Range to copy from the entries below: the line containing "ウチには植木鉢が有り余ってい" through the line containing "革のバッグやベルト等を生産す", inclusive. Retype only those lines, exactly, without any images.

• **SUPPLIED ENTRIES**
*** Begin section ***
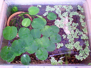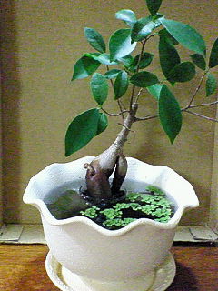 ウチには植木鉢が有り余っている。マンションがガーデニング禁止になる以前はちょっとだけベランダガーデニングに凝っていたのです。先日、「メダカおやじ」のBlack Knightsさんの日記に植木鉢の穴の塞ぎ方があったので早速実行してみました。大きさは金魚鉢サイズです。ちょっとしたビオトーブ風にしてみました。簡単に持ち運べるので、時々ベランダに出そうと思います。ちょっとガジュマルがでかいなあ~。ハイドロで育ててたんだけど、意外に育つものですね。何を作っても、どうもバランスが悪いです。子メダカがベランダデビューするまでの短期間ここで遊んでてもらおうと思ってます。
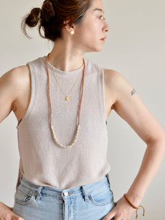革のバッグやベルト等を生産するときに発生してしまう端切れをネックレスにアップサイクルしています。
*** End section ***
*** Begin section ***
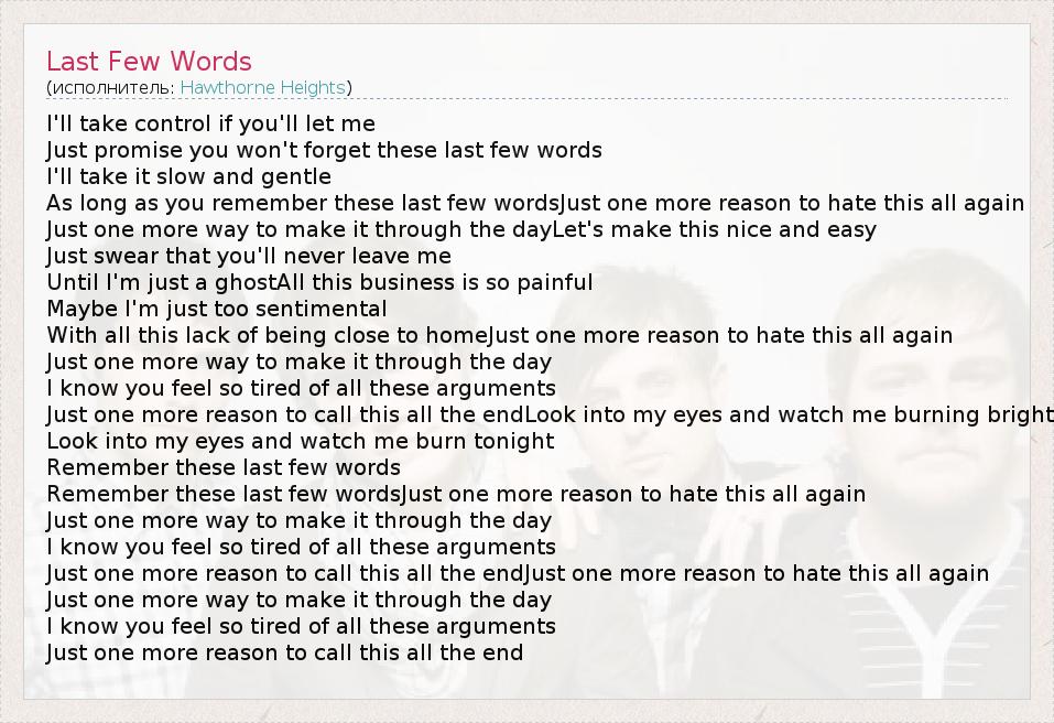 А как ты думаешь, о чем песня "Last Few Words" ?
*** End section ***
• **THE ANSWER**
 ウチには植木鉢が有り余っている。マンションがガーデニング禁止になる以前はちょっとだけベランダガーデニングに凝っていたのです。先日、「メダカおやじ」のBlack Knightsさんの日記に植木鉢の穴の塞ぎ方があったので早速実行してみました。大きさは金魚鉢サイズです。ちょっとしたビオトーブ風にしてみました。簡単に持ち運べるので、時々ベランダに出そうと思います。ちょっとガジュマルがでかいなあ~。ハイドロで育ててたんだけど、意外に育つものですね。何を作っても、どうもバランスが悪いです。子メダカがベランダデビューするまでの短期間ここで遊んでてもらおうと思ってます。
革のバッグやベルト等を生産するときに発生してしまう端切れをネックレスにアップサイクルしています。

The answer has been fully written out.